While analysts worldwide debate the finer points of whether China's demand for oil and resources will taper off in the face of skyrocketing commodity prices, China continues to send clear signals that the Chinese themselves share no such expectations.

Thus far in 2008, cross-border acquisitions by Chinese companies have quadrupled to $41.1 billion. China Oilfield Services Limited, or COSL, a subsidiary of the China National Offshore Oil Corp., or CNOOC, has now formally announced a $2.5 billion bid for Norwegian drilling rig operator Awilco Offshore.

Before we move forward, let's be clear on CNOOC's corporate structure. CNOOC is a state-run parent company, counting CNOOC Ltd. (NYSE:CEO), the oil and gas exploration arm of CNOOC the parent, and oilfield services provider COSL as subsidiaries. Now, back to the deal.

My colleague Toby Shute alerted Fools to a possible deal last month, and suggested it would either mean a move onto the international stage for COSL, or a purchase of rigs to be used by other subsidiary CNOOC Ltd. With the announcement, we find the former scenario is at play.

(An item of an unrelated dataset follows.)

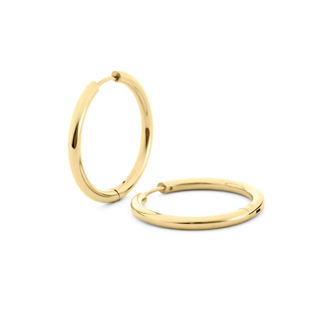 These hoops are 14k PVD gold plated, so slightly lighter in colour to our 18k gold pieces.

According to COSL's chief financial officer, "Our aim is to become an international oilfield services company with strong competence in global markets by 2010."

With the additional units, COSL would be able to push its rig count up to 22. While COSL has a long way to go before it can truly compete with the likes of Noble's (NYSE:NE) 62 offshore rigs or Transocean's (NYSE:RIG) massive fleet of 136, today's acquisition is certainly a step in the right direction: Eastward.